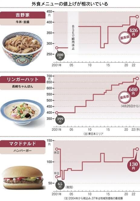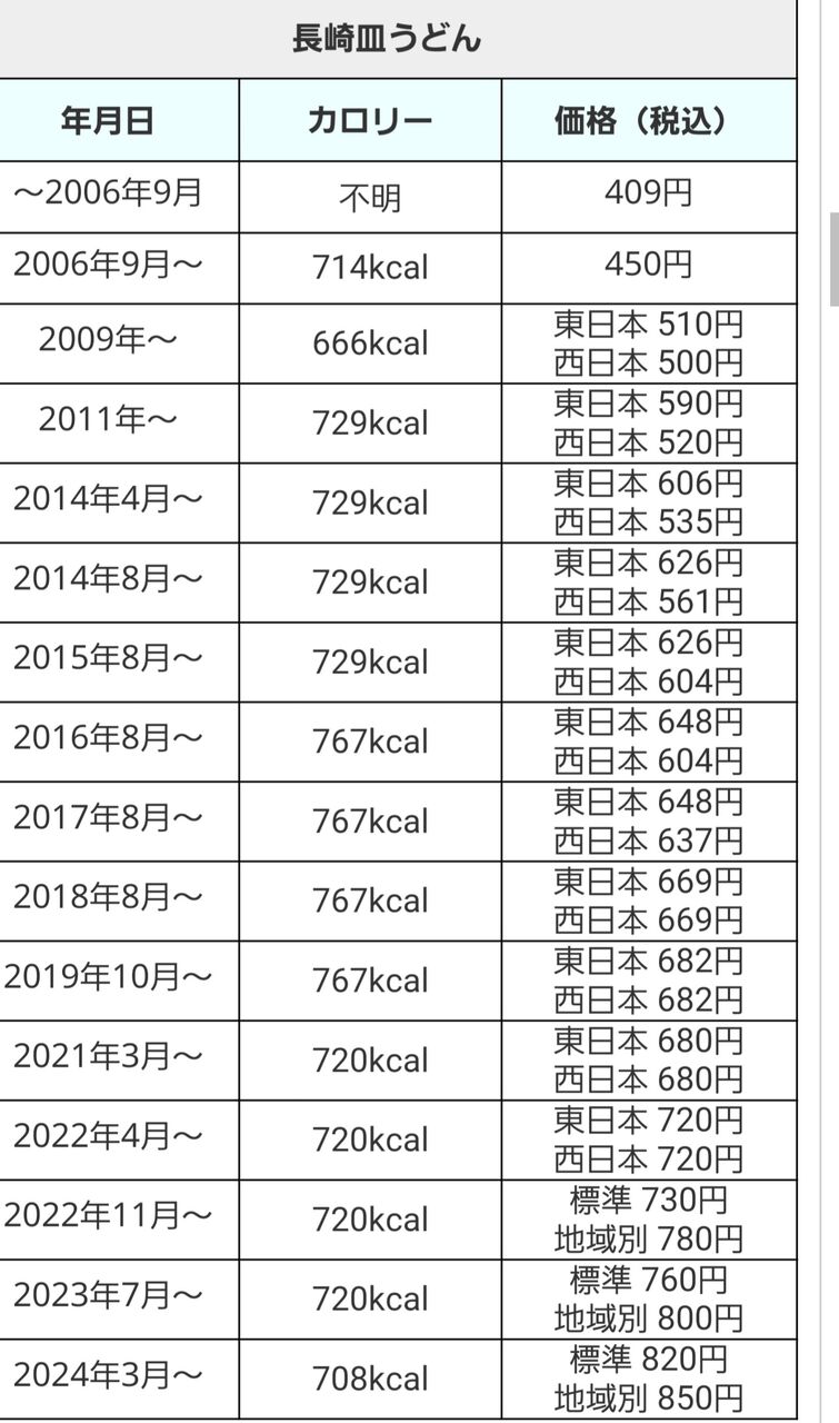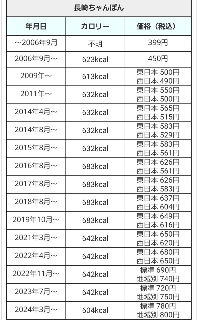 また地域別価格を導入している東京23区や沖縄県、北海道などの店舗でも引き上げ、「長崎ちゃんぽん」は800円が840円になります。
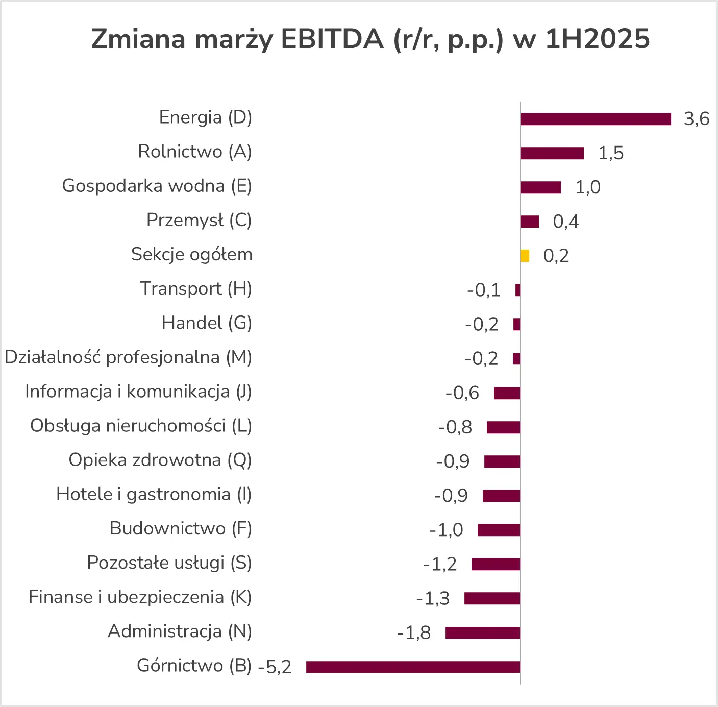 W pierwszym półroczu 2025 roku przedsiębiorstwa w Polsce nadal odczuwały skutki niewystarczającego popytu krajowego, co wpłynęło zarówno na przychody, jak i rentowność. W ujęciu ogółem przychody ze sprzedaży wyniosły prawie 2,91 bln zł, co oznacza wzrost o 2,5 proc. w porównaniu do pierwszej połowy 2024 roku. Marża EBITDA wzrosła nieznacznie o 0,2 p.p. do 8,2 proc., ale wciąż pozostaje poniżej potencjału, zwłaszcza w przemyśle, gdzie ograniczony popyt krajowy hamuje rozwój.
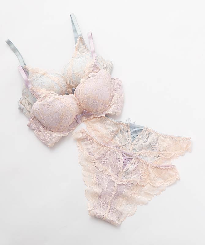 カシュクールレース脇高ブラ 3,190円、ショーツ(プレーン) 990円、ショーツ(ハーフ) 1,650円
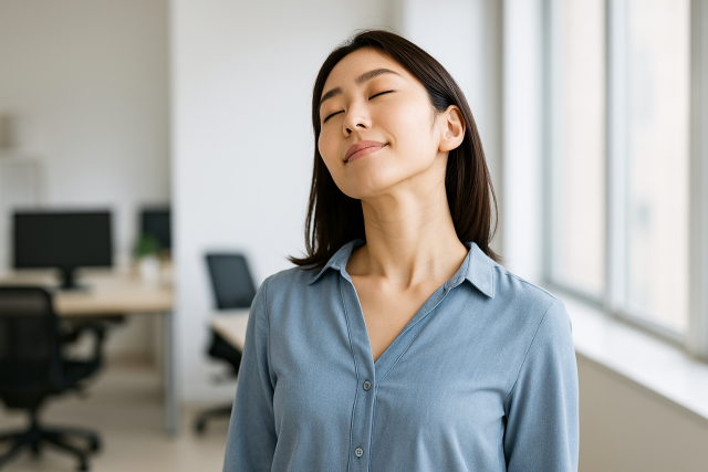 特にデスクワークが多い方は、「ふと気づいたら30分以上座りっぱなし」になりがちですが、そこを「60分で1回リセット」のサインにしておくと、体も気持ちも少しずつ軽くなっていくでしょう。首を左右にゆっくり動かしたり、肩甲骨を軽く寄せて胸を開いたりするだけでも充分です。
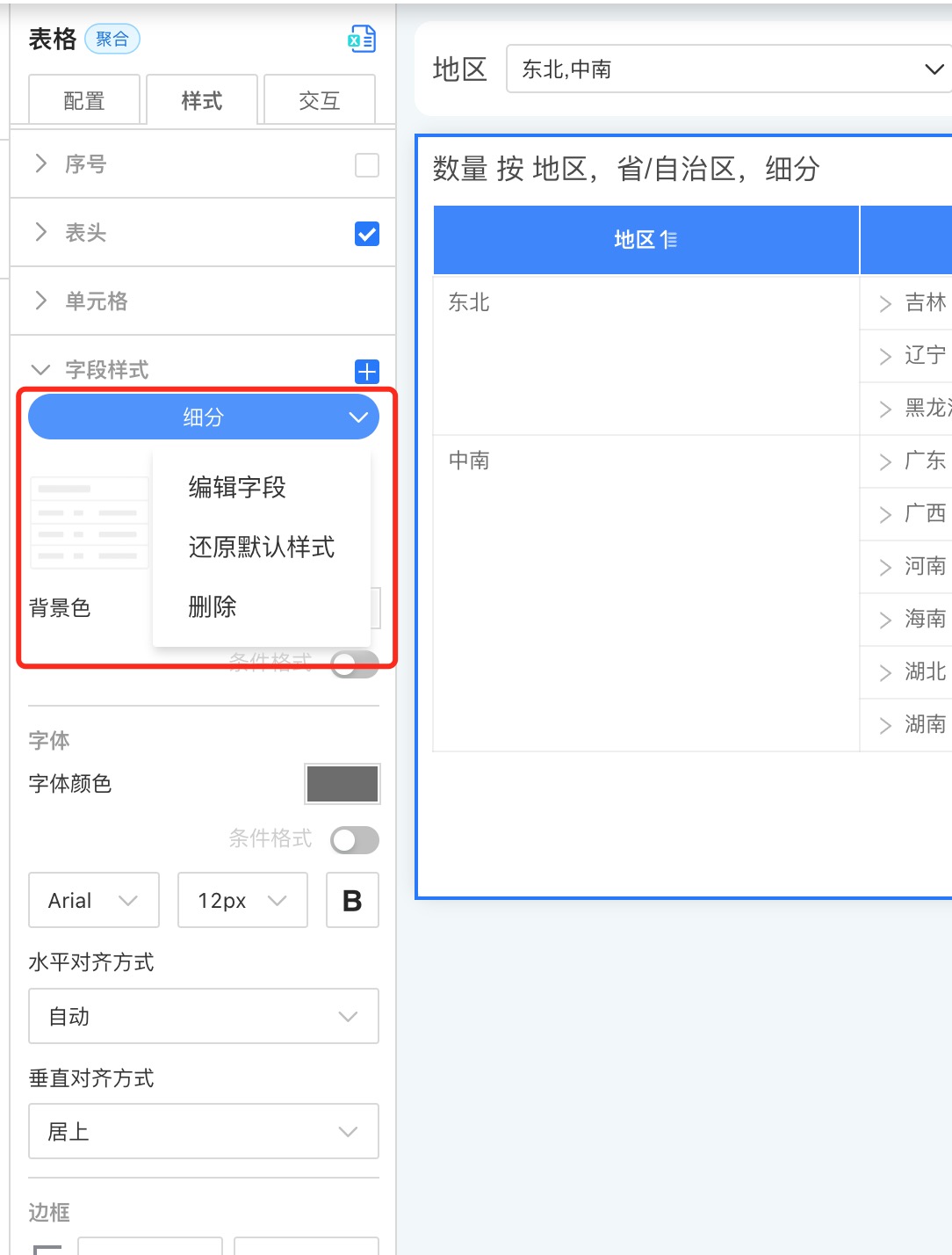 单元格的设置是针对整个表格中所有单元格,如果要对某一列或者某几列进行特殊设置时,可以在字段样式中进行设置。

========

§ **WHAT TO DO**
The answer consists of the lines from the one holding "特にデスクワークが多い方は、" to the end of the records, inclusive, restated exactly and without pictures.

§ **TASK RESPONSE**
 特にデスクワークが多い方は、「ふと気づいたら30分以上座りっぱなし」になりがちですが、そこを「60分で1回リセット」のサインにしておくと、体も気持ちも少しずつ軽くなっていくでしょう。首を左右にゆっくり動かしたり、肩甲骨を軽く寄せて胸を開いたりするだけでも充分です。
 单元格的设置是针对整个表格中所有单元格,如果要对某一列或者某几列进行特殊设置时,可以在字段样式中进行设置。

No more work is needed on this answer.